Stored items

▬▬▬▬▬▬

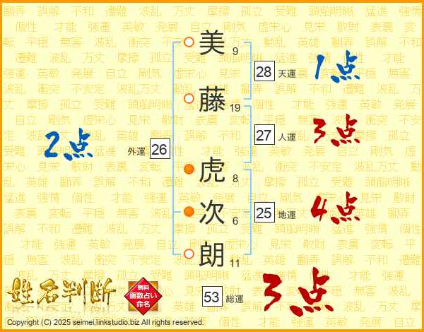 美(9画)藤(19画) 虎(8画)次(6画)朗(11画)
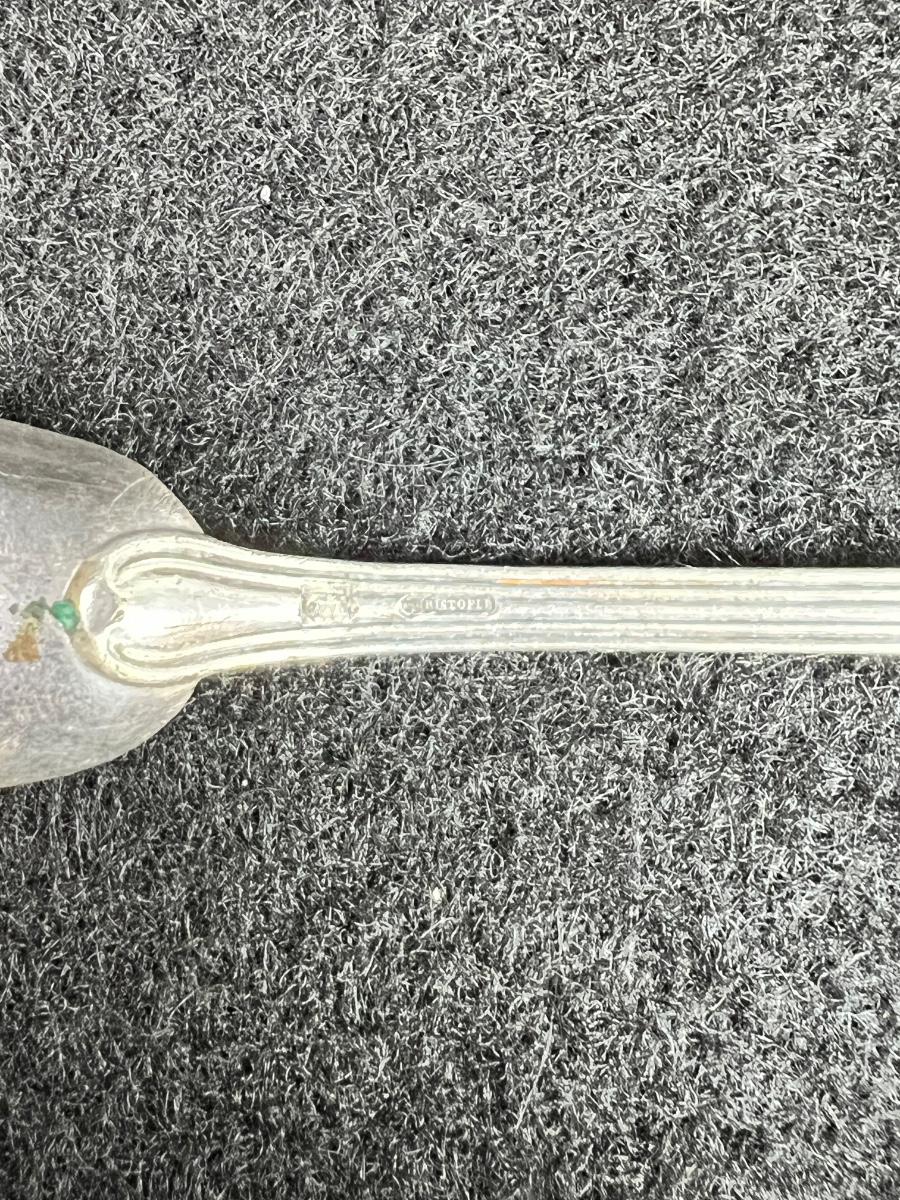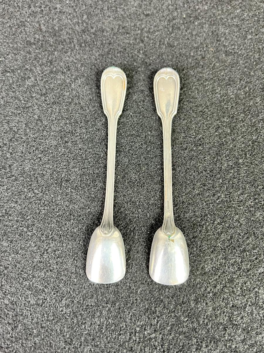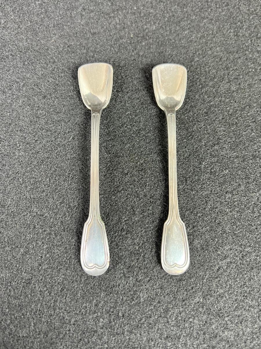 Pair of sterling Christolfe salt spoons marked. Measuring 3 1/2” long.
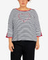 Alfred Dunner Women's Checking In Embroidered Heart Striped Top Black Size 1X
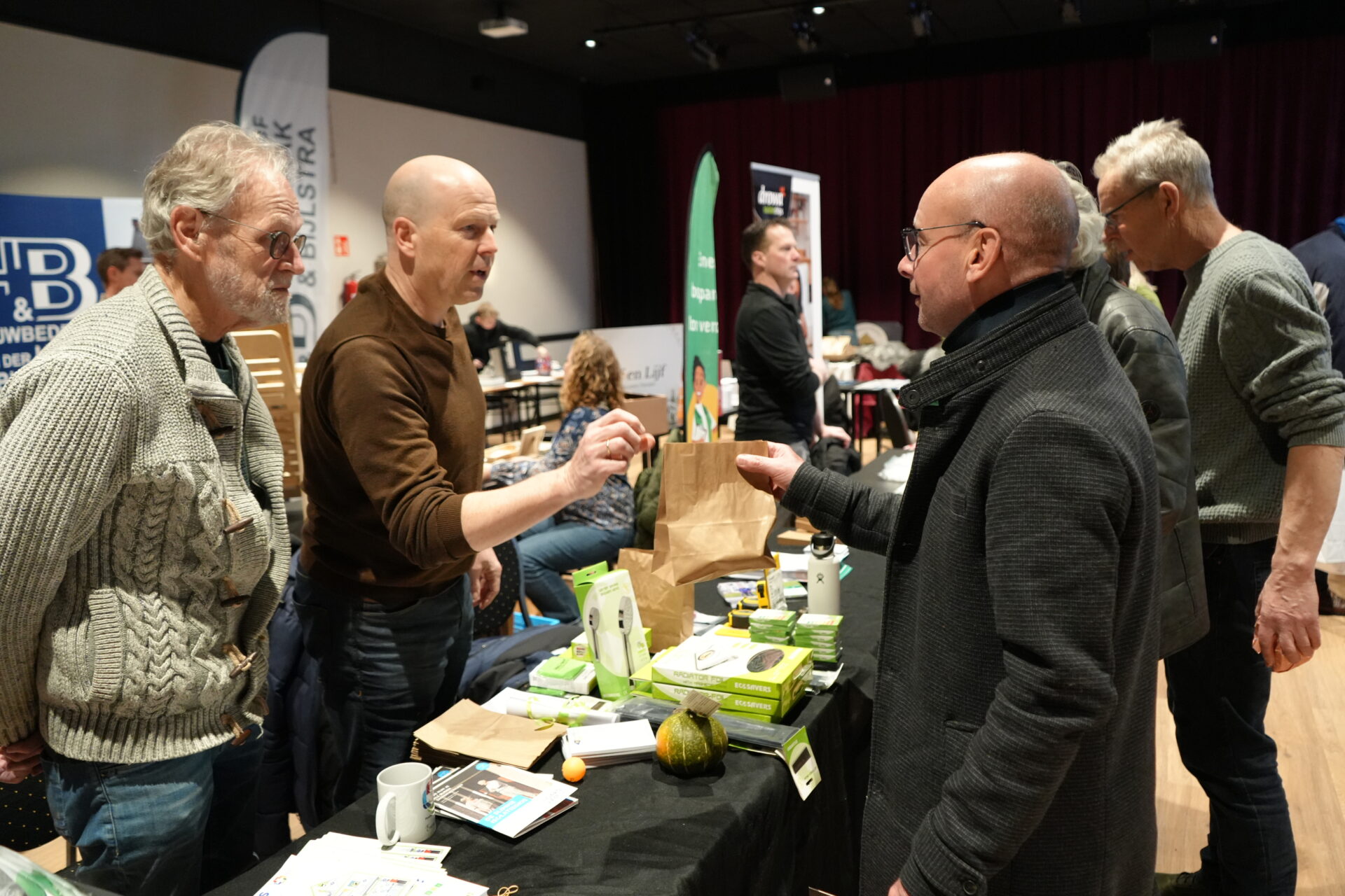 Energiecoöperatie Kleastersweach in actie op de Energie & Gezondheidsmarkt. Iedereen ging naar huis met een gratis prijs, bestaande uit een duurzame oplossing, of cadeaus aangeboden door stands in de zaal. Foto Studio Therèsa
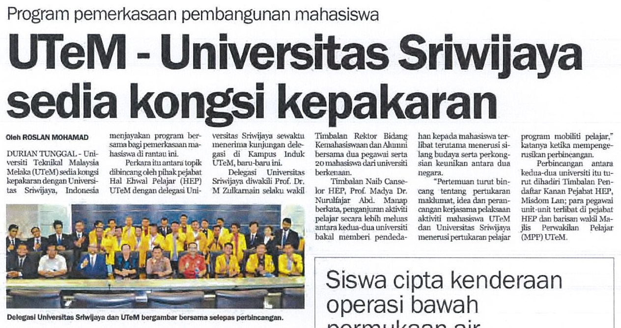 UTeM - Universitas Sriwijaya sedia kongsi kepakaran
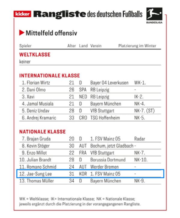 '키커'가 발표하는 랑리스테는 Weltklasse(월드클래스), Internationale Klasse(인터내셔널 클래스), 그리고 Nationale Klasse(내셔널 클래스) 부문으로 나눠진다. 이번에 발표된 후반기 랑리스테에서는 월드클래스가 없고 가장 높은 순위를 차지한 플로리안 비르츠(바이엘 레버쿠젠)가 인터내셔널 클래스의 최상단에 섰다.
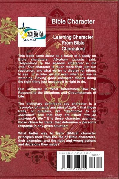 This book came about as a result of a study on Bible characters. Abraham Lincoln said, "Reputation is the shadow. Character is the tree." Our character is much more than just our reputation, and what we try to display for others to see. It is who we are even when no one is watching. Having a Good Character means doing the right thing just because it is right to do. What better way to learn Biblical character principles then from the life of Bible characters, their examples and the right and wrong actions and decisions they made; we can learn from them Biblical truths and traits to apply to our life. We can develop Godly character to use and guide us throughout our life from the examples they have left us in the written record of God's Word.
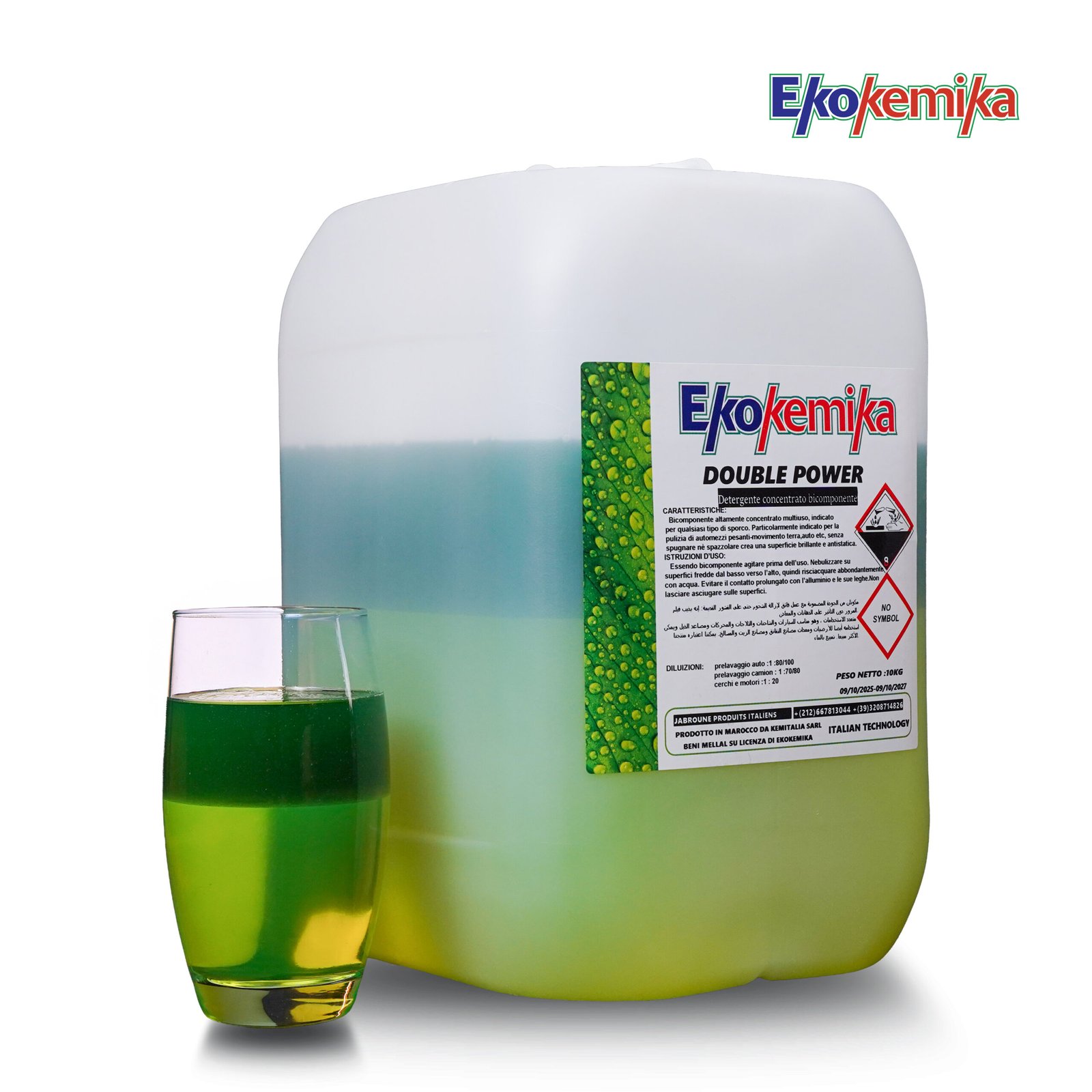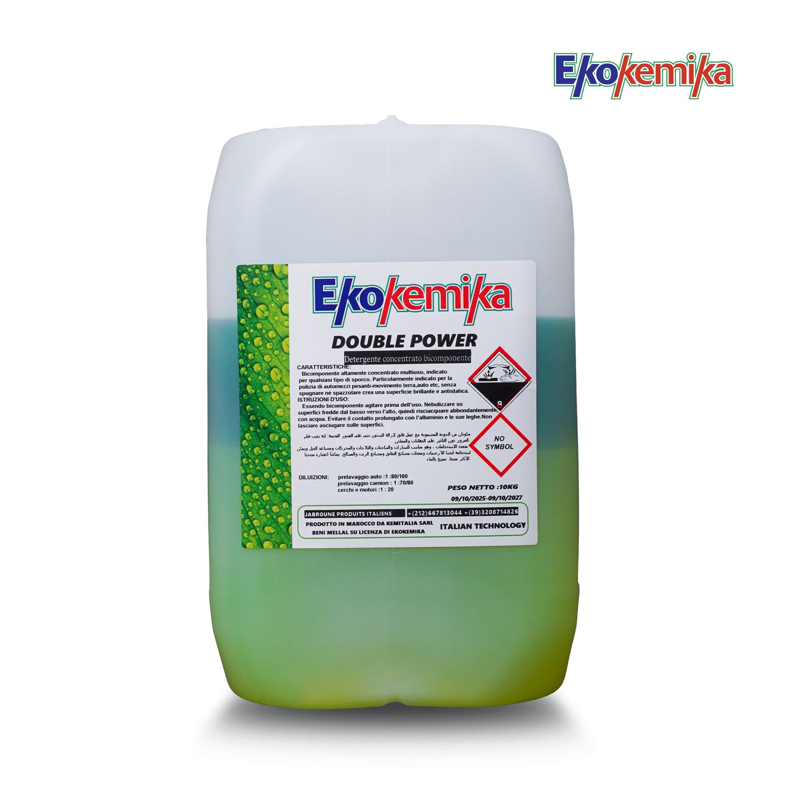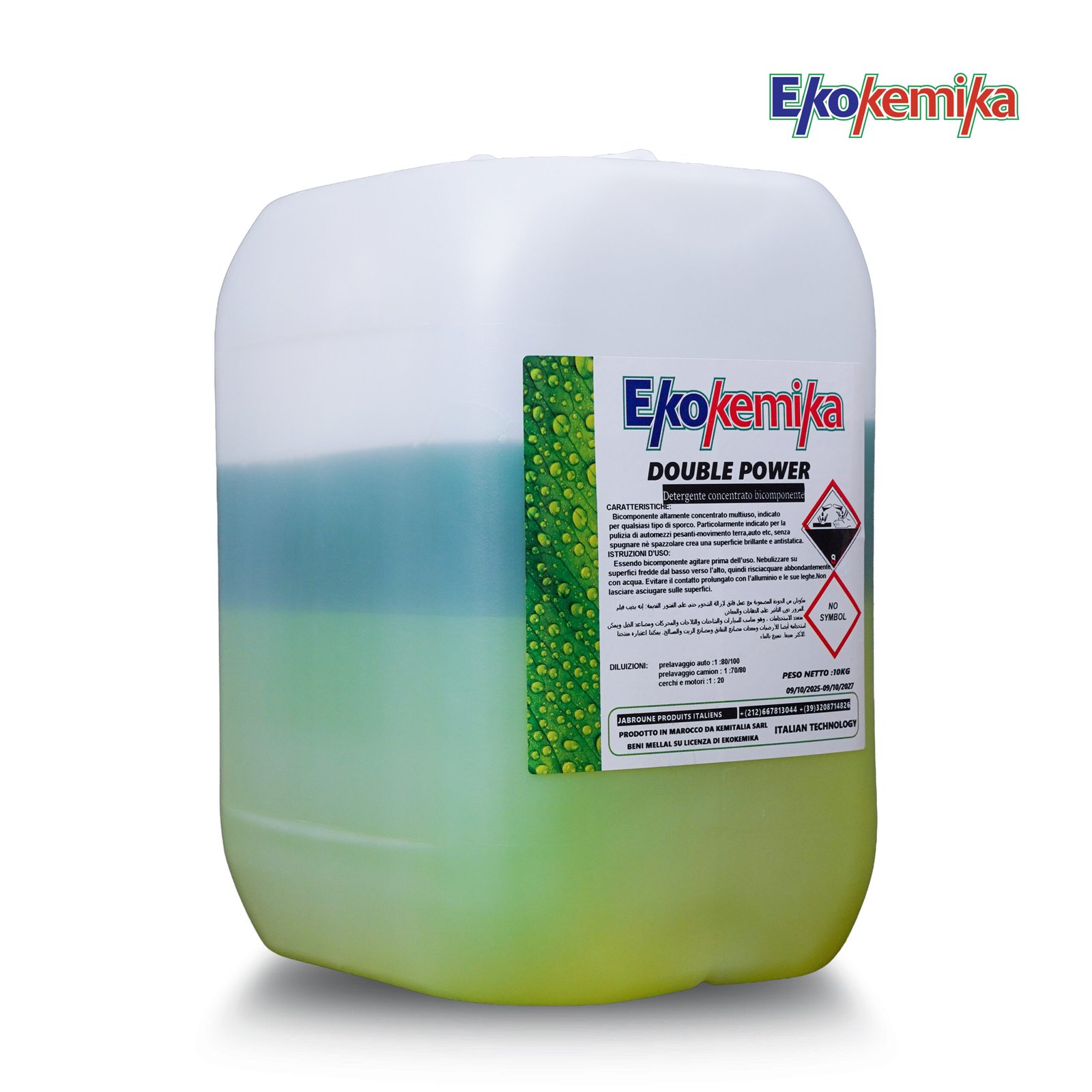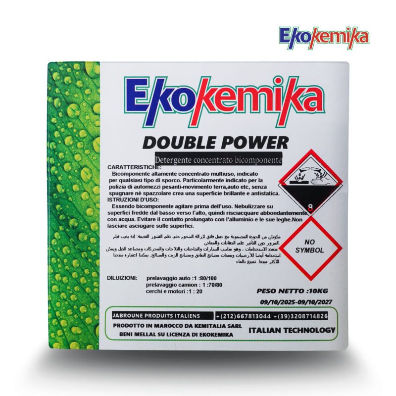 Ekokemika DOUBLE POWER est un détergent concentré bicomposant à très haut pouvoir nettoyant, destiné au prélavage professionnel des voitures et des camions. Il élimine efficacement les saletés lourdes et incrustées tout en laissant une surface propre et brillante. Poids net : 10 kg.

▬▬▬▬▬▬

> Problem
All records above should be duplicated exactly, with the pictures omitted.

> Answer to this exercise
 美(9画)藤(19画) 虎(8画)次(6画)朗(11画)
 Pair of sterling Christolfe salt spoons marked. Measuring 3 1/2” long.
 Alfred Dunner Women's Checking In Embroidered Heart Striped Top Black Size 1X
 Energiecoöperatie Kleastersweach in actie op de Energie & Gezondheidsmarkt. Iedereen ging naar huis met een gratis prijs, bestaande uit een duurzame oplossing, of cadeaus aangeboden door stands in de zaal. Foto Studio Therèsa
 UTeM - Universitas Sriwijaya sedia kongsi kepakaran
 '키커'가 발표하는 랑리스테는 Weltklasse(월드클래스), Internationale Klasse(인터내셔널 클래스), 그리고 Nationale Klasse(내셔널 클래스) 부문으로 나눠진다. 이번에 발표된 후반기 랑리스테에서는 월드클래스가 없고 가장 높은 순위를 차지한 플로리안 비르츠(바이엘 레버쿠젠)가 인터내셔널 클래스의 최상단에 섰다.
 This book came about as a result of a study on Bible characters. Abraham Lincoln said, "Reputation is the shadow. Character is the tree." Our character is much more than just our reputation, and what we try to display for others to see. It is who we are even when no one is watching. Having a Good Character means doing the right thing just because it is right to do. What better way to learn Biblical character principles then from the life of Bible characters, their examples and the right and wrong actions and decisions they made; we can learn from them Biblical truths and traits to apply to our life. We can develop Godly character to use and guide us throughout our life from the examples they have left us in the written record of God's Word.
 Ekokemika DOUBLE POWER est un détergent concentré bicomposant à très haut pouvoir nettoyant, destiné au prélavage professionnel des voitures et des camions. Il élimine efficacement les saletés lourdes et incrustées tout en laissant une surface propre et brillante. Poids net : 10 kg.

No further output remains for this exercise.